Do you often find yourself straddling the line between being satirical and being hypocritical?
Oh, not even. I feel like I am fully in the hypocritical territory. I fully embrace myself as a hypocrite. The show is almost what it feels like to be that. I mean, of course, I’m getting up there and making fun of someone like Katy Perry manipulating their fans into liking them. And I’m manipulating my fans into liking me by making fun of it, you know? It’s a show that pretends like it’s undercutting spectacle by trying to pull off spectacle. You know, at the end of the day, my show is still trying to make you love me by the end, even if it’s like in a really subtle way. Where it’s like, “Ooh, I like him because he’s honest.” [Laughs] It’s all a mess.

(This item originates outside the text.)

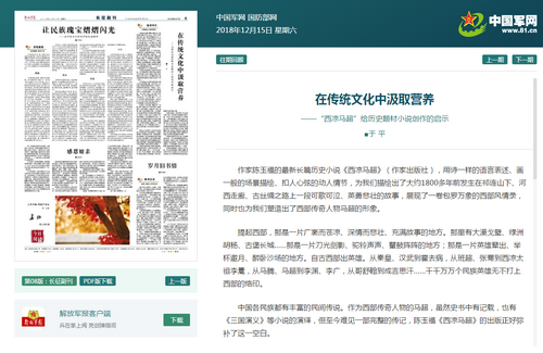 12月15日出版的《解放军报》刊文《在传统文化中汲取营养——“西凉马超”给历史题材小说创作的启示》,向读者推荐了Beat365驻校专家陈玉福教授最新长篇历史小说《西凉马超》。

But I do think that, like, this thing that I’m talking about, this stuff that I’m talking about can’t be commented on without being a little hypocritical. And I think that, like, there’s such a fear of being that. There’s such a fear of being a hypocrite nowadays that no one says anything because they think they can’t live up to it. It’s like you can’t call people sellouts anymore. It’s like, why the fuck can’t you call people sellouts? When did that expire?

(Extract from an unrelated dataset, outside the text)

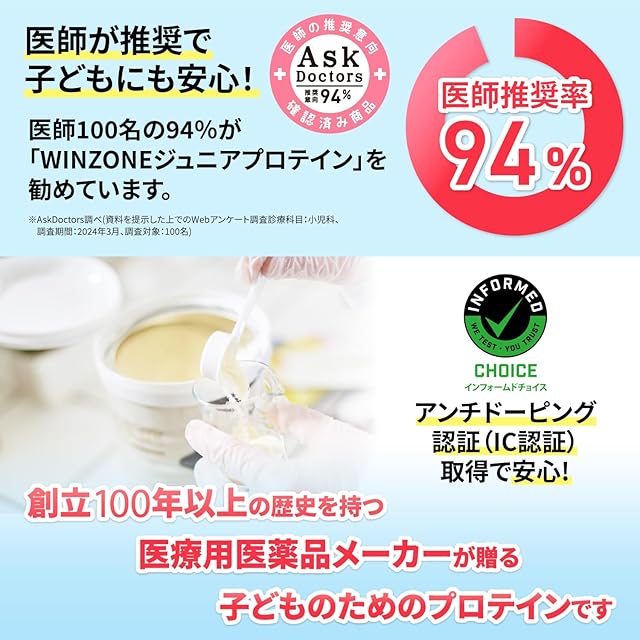 ✅【医師推奨で子どもにも安心】医師100名の94%がWINZONEジュニアプロテインを勧めています。(Ask Doctors調べ) ✅【成長をサポート】WINZONEジュニアプロテインはたんぱく質に加え、成長に必要な11種のビタミンと3種のミネラル(カルシウム、鉄、マグネシウム)を配合しています。
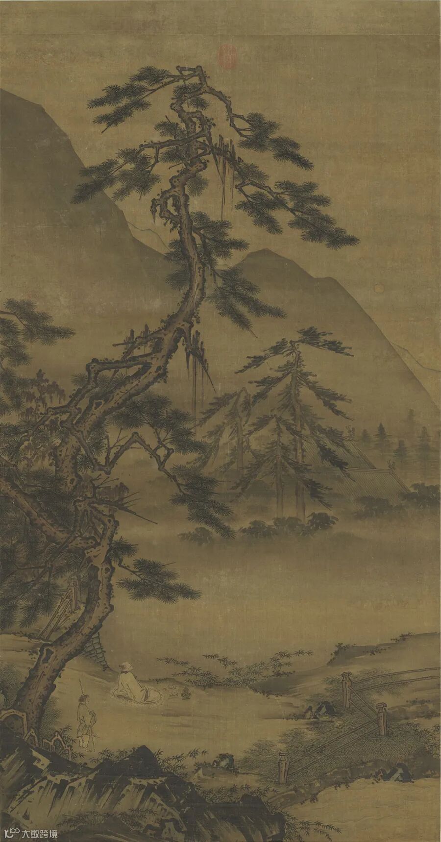 本幅写松荫下,高士独坐对月。林间,曲水绕栏,薄雾掩映,一派宁谧之气,溢于画表。右下角石隙,虽署有「马远」款,但就画风论,应出自传承马夏流派的明人之手。

The millennial generation that makes up a lot of your audience is often heavily criticized for being entitled, lazy and self-obsessed. Do you think those are valid criticisms?
… Sure? Like, I don’t think it’s a valid criticism, but I think it’s a valid observation now. But how the fuck do you think we got this way? Do you think it was from the parents who, like, shoved Pixy Stix and Coke down our throats, told us that we were the best ever and told us that we could do anything? They told us to go to college and follow our dreams and express ourselves, and then we all got out of there, and there were all of 12 jobs waiting for all of us. But I don’t put the blame on anyone else. I think that we need to own up to what’s happening and fix it, and I think people are.
Millennials are really difficult to talk about as a single generation, because I think we’re so fractured. There are kids working their fucking ass off. I’m just saying, like … I have a lot of friends that aren’t in my line of work, and they’re working their fucking asses off to make a life for themselves. I think everyone thinks [that] every millennial are the kids they pass in Williamsburg, you know?
The problem with blogging and thinkpieces is that they’re only written by bloggers or thinkpiecers. They’re kind of getting like an L.A., New York version of the generation. And as a member of the generation that lives in L.A., I will say that, like, we’re the worst! There are members of our generation out there, like, building houses and, like, in nursing school. Don’t judge us based off the kids you see in your local coffee shops on their laptops. You know, that’s not the whole generation.
Do you ever get concerned that you’re going to say something onstage that’s going to turn into a blog or a thinkpiece?
Oh, no, I don’t care. But I’m also not a comedian that’s like, “Yeah, fuck you, take a joke!” The truth is, comedians get up and ask the audience to listen to them talk for an hour, so like, I’m not angry that others have an impulse to be listened to, you know? Like, of course, I express myself, now you can go and express yourself; that’s completely fine. I can stick up for one of my bits. I’ve had kids that wrote me, being really angry that I used the word “faggot” in my show. You know? And I get it, and I’m not gonna be like, “Take a joke.” Like, I understand if you don’t like hearing that word. But, you know, I have an explanation for it. I don’t even use it; the show literally calls me that. It’s more just, like, what it truly feels like to live online.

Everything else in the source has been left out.